Title: DNSLogzip: A Novel Approach to Fast and High-Ratio Compression for DNS Logs
Authors
Yunwei Dai (Southeast University; Jiangsu Future Networks Innovation Institute); Guyue Liu (Peking University); Tao Huang (Southeast University; State Key Laboratory of Networking and Switching Technology, BUPT, China; Purple Mountain Laboratories); Shuo Wang (State Key Laboratory of Networking and Switching Technology, BUPT, China; Purple Mountain Laboratories); Yong Wang, Xingli Wu (Jiangsu Zhiwang Technology Co., Ltd.); Lei Song, Heshun Li, Chuang Wang (China Mobile Communications Group Shandong Co., Ltd.); Fanglong Hu (China Telecom Co., Ltd.); Hong Sun, Yanan Li (China United Network Communications Corporation Jiangsu Branch)
Scribe: Rulan Yang (Xiamen University)
Introduction
The Domain Name System (DNS) is a critical component of the Internet, and DNS logs are widely used for security monitoring, traffic analysis, and regulatory compliance. Rapid growth in Internet traffic has caused DNS log volumes to increase dramatically, creating significant storage challenges. Existing approaches primarily rely on general-purpose compression algorithms, which fail to leverage the unique characteristics of DNS logs, such as skewed domain lookup distributions and repetitive query patterns, thereby limiting their effectiveness.
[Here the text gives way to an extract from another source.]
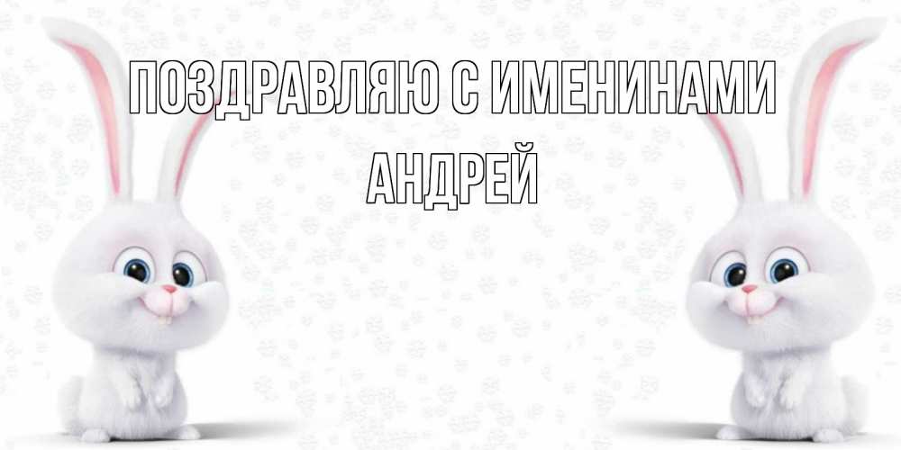 Открытка Поздравляю с именинами Андрей. зайчики с ушками желают не болеть. не болей с зайцем

To address these limitations, this work proposes a DNS-aware compression method that leverages both inter-line and intra-line log patterns. The approach significantly improves compression ratios while maintaining lossless reconstruction, offering a practical and efficient solution for managing large-scale DNS log data in real-world deployments.
Key idea and contribution:
The key insight is that DNS logs contain significant redundancies, both across lines and within individual lines, and exploiting these patterns enables effective lossless compression. Building on this observation, the authors conduct an empirical analysis of real DNS logs and identify four key inter-line and intra-line features that help reduce redundancy without losing information. Guided by these insights, DNSLogzip is designed with a modular compression architecture, which supports diverse log formats and allows flexible integration and customization.
The features they observed are:
(1) The DNS caching mechanism ensures that queries sent to the same resolver for the same domain name and record type are more likely to return identical lookup results.
(2) The DNS tree structure [35, 36], as shown in Figure 7, determines that most domain names in the DNS system share common suffixes.
(3) On the Internet, most DNS queries are Type A and can get normal lookup results, meaning that QType is 1 and RCode is 0 in most cases.
(4) Letters in DNS are case-insensitive, resulting in logs that primarily contain numbers and lowercase letters.
The DNSLogzip framework compresses DNS logs by exploiting their unique characteristics. The Parser & Adapter splits log files into chunks and parses fields. The Data Transformer enhances text similarity using inter- and intra-line features, while the Data Reducer reduces chunk size through differencing, hiding, replacing, and encoding. Finally, a general-purpose compressor produces the compact output.
Evaluation
Results show that DNSLogzip achieves consistently higher compression speeds than both general-purpose and domain-specific compressors, reaching up to 1.51× faster than gzip and over 500× faster than LogShrink. Its decompression speed remains above 160 MB/s across datasets, confirming practical applicability. Checksum verification demonstrates that DNSLogzip is fully lossless.
Q&A
This paper is being presented on behalf of the authors, and there will be no Q&A session.
Personal thoughts
DNSLogzip presents an innovative DNS log compression method, leveraging domain hierarchies, query patterns, and address continuity to improve similarity and compression ratios. Its modular design, multi-field sorting, field hiding, and number encoding enable efficient, low-overhead processing, while concurrency ensures scalability. Potential issues include dependence on specific log formats, added complexity from address sorting and indexing, and field-hiding assumptions that may fail for unusual QTypes or RCodes. Future work could explore adaptive parsing for diverse logs, real-time streaming support, and applying similar techniques to other structured network logs to enhance robustness and generality.